**TASK OBJECTIVE**
The listing below holds pictures; exclude them. Return exactly the lines from the one with "此護符位於【勞弗斯遺跡】賜福附近的【神殿鎮廢墟】頂層寶箱中。" through the one with "1月14日,百色工務段白水河".

**MATERIAL PROVIDED**

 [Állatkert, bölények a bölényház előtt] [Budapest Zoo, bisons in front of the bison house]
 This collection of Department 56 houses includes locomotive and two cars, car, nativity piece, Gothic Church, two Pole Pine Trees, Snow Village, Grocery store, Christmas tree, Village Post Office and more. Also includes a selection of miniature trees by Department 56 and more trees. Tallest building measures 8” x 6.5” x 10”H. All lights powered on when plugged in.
---
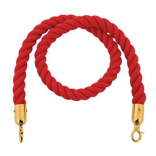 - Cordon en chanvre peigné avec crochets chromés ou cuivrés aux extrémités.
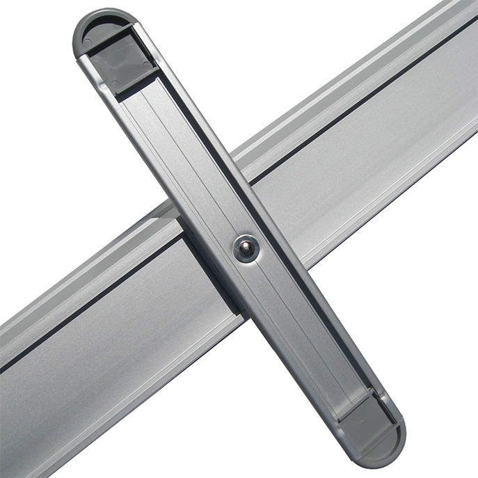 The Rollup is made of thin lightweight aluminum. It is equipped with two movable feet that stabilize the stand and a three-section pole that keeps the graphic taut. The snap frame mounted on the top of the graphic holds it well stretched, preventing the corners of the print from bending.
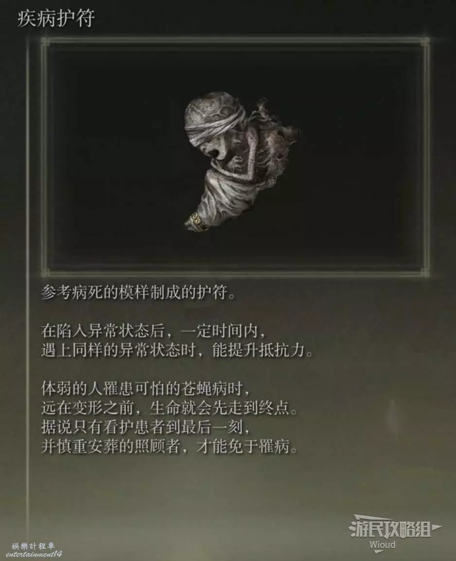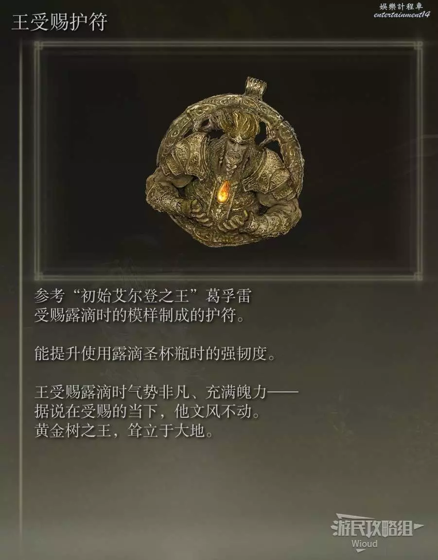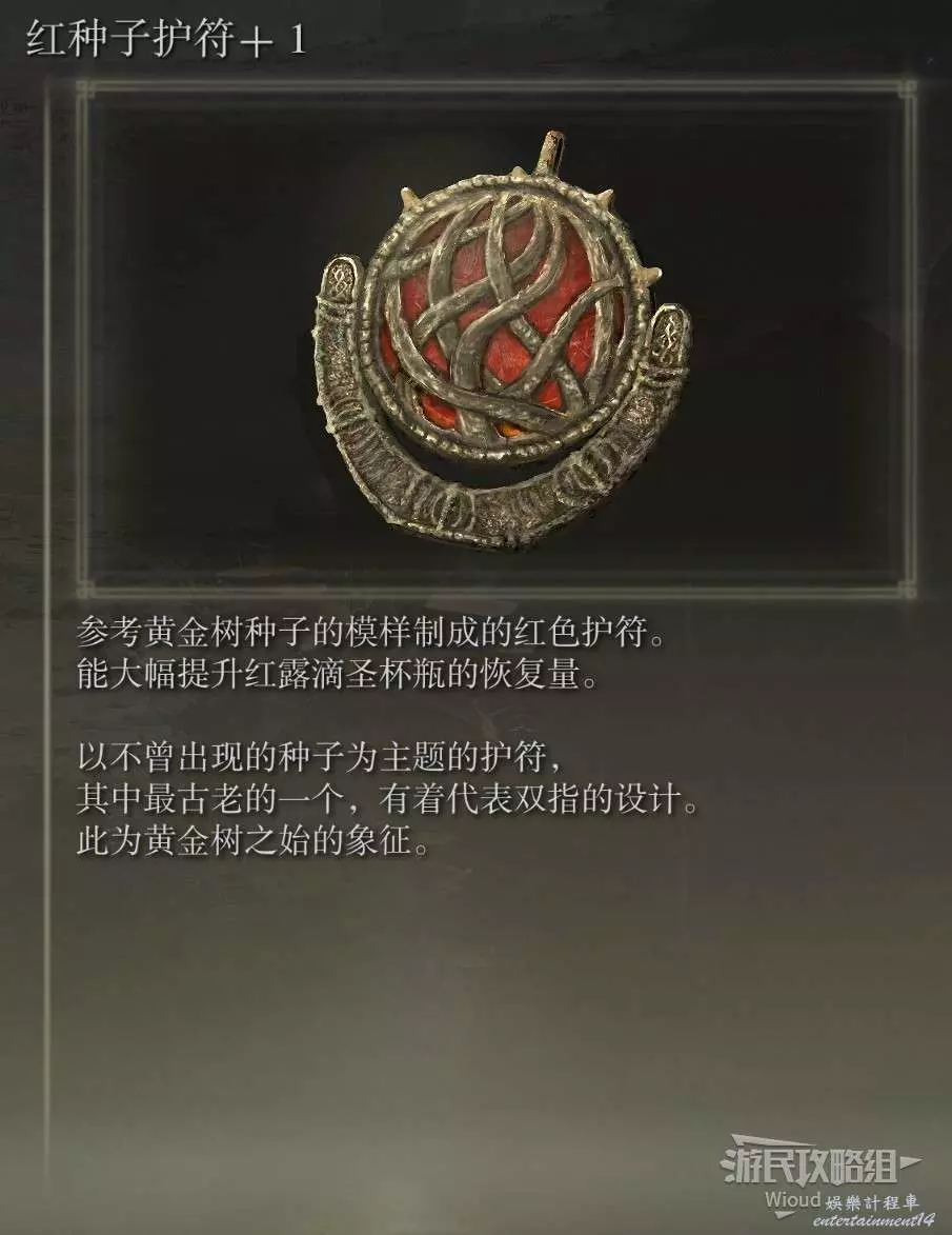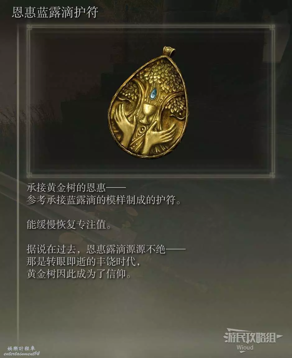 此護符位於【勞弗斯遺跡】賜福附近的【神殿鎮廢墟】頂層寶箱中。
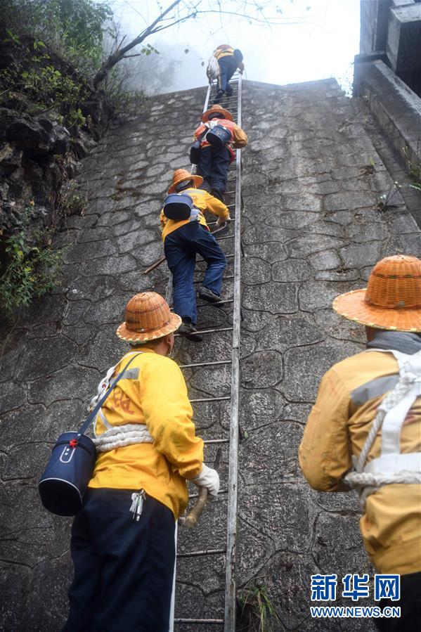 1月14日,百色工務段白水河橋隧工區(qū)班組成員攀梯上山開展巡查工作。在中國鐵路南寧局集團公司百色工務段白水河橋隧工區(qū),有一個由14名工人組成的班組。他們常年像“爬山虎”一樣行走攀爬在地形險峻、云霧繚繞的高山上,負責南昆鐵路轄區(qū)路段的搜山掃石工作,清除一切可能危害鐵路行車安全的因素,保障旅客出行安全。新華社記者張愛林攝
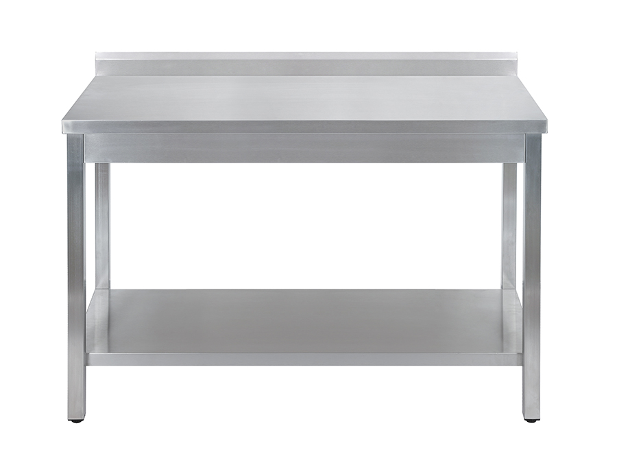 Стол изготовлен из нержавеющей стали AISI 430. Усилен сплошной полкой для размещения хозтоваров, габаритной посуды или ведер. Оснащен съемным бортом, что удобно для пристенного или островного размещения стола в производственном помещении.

**RESULT FOR THIS EXERCISE**
 此護符位於【勞弗斯遺跡】賜福附近的【神殿鎮廢墟】頂層寶箱中。
 1月14日,百色工務段白水河橋隧工區(qū)班組成員攀梯上山開展巡查工作。在中國鐵路南寧局集團公司百色工務段白水河橋隧工區(qū),有一個由14名工人組成的班組。他們常年像“爬山虎”一樣行走攀爬在地形險峻、云霧繚繞的高山上,負責南昆鐵路轄區(qū)路段的搜山掃石工作,清除一切可能危害鐵路行車安全的因素,保障旅客出行安全。新華社記者張愛林攝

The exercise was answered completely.